4. Plasma cells secrete antibodies.

Plasma cells are fully differentiated B-lymphocyte which produces a single type of antibody.

5. The Thymus is considered a primary lymphoid organ.

The thymus gland is the main organ of lymphatic system. The primary function of Thymus is to promote the development of T-cells. Whereas spleen and lymph nodes are secondary lymphoid organ.

6. Circulation of lymphocytes increases the chance of finding their specific antigen, or an APC displaying their specific antigen.

There are three types of lymphocytes, known as T cells, B cells, and Natural killer cells. T and B cells recognize antigens and is able to bind with them. Natural killer cells are also know as cytotoxic as they have the ability to kill other cells.

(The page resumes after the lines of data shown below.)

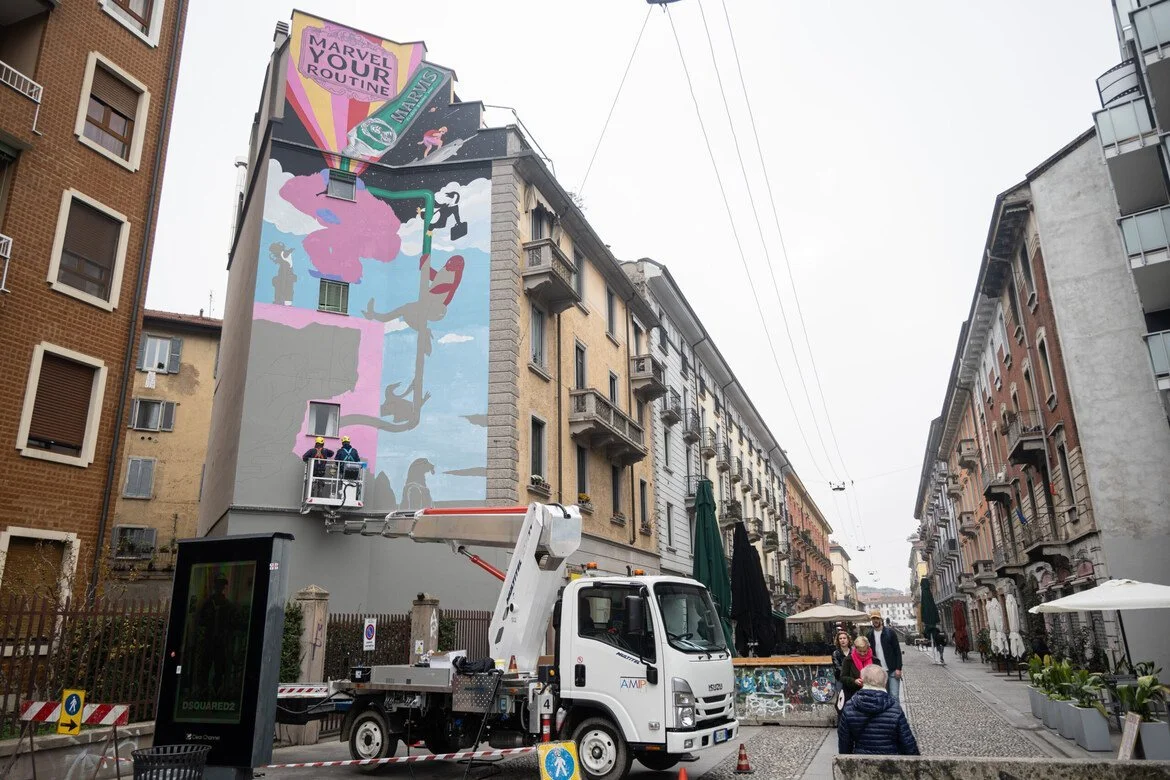Marvis의 도발적인 새 캠페인 ‘Marvel Your Routine’ 에 POCKO가 함께했다. 유쾌한 일러스트레이션과 애니메이션은 물론, 이번 프로젝트에 참여한 일러스트레이터 세바스티아노 포살리(Sebastiano Fossali)는 밀라노 도심에 두 점의 대형 벽화 작업을 맡았다. 첫 번째 벽화는 Navigli 지구의 Via Casale 거리, 두 번째는 밀라노 중앙역 한가운데 누구나 지나다니며 마주할 수 있는 압도적인 위치에 설치되었다.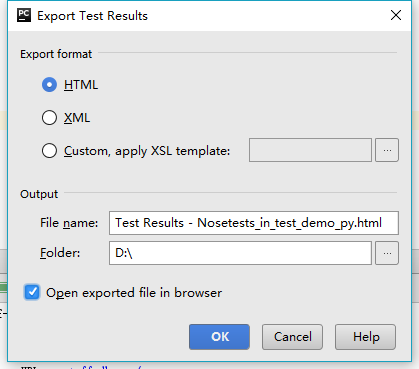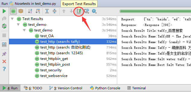 1) 在PyCharm左下方Run窗口Testing toolbar中,选择导出测试结果“Export Test Results”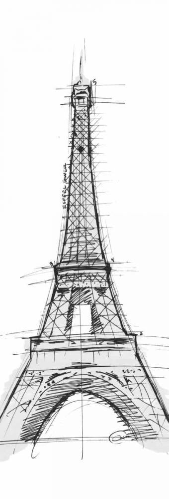 Eiffel Black Ornate Wood Framed Art Print with Double Matting by OnRei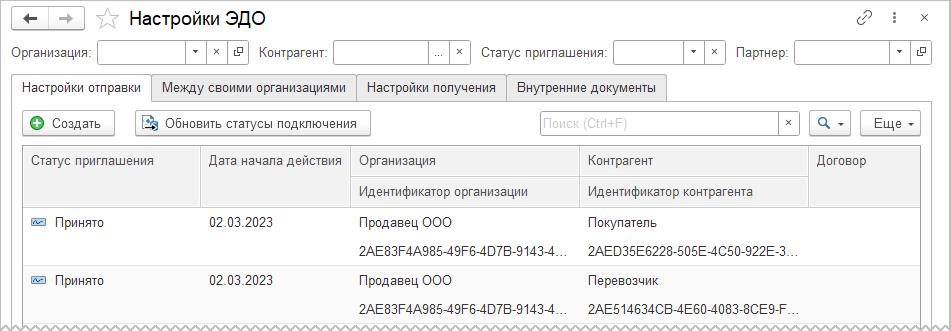 Обе организации должны быть подключены к ЭДО, а в информационной базе по каждой организации должна быть настроена Учетная запись ЭДО в разделе НСИ и администрирование – Настройка интеграции – Обмен электронными документами – Обмен с контрагентами – Учетные записи ЭДО.

7. Helper T cells can help stimulate: B lymphocytes, macrophages, and T lymphocytes.

Helper T cells themselves, however, can only function when activated to become effector cells. they are activated on the surface of APCs, which mature during the innate immune responses triggered by an infection.

8. True, after a bone marrow transplant, the recipient's blood type may change to the blood type of the donor.

Bone marrow transplants are extensively matched in order to prevent rejection. However, because the Human leukocyte antigen (HLA) matching doesn't utilize blood type and the recipient's marrow is destroyed in the process, then is the donor's marrow produces different red blood cells, then the recipient's blood type may change to the blood type of the donor, with time.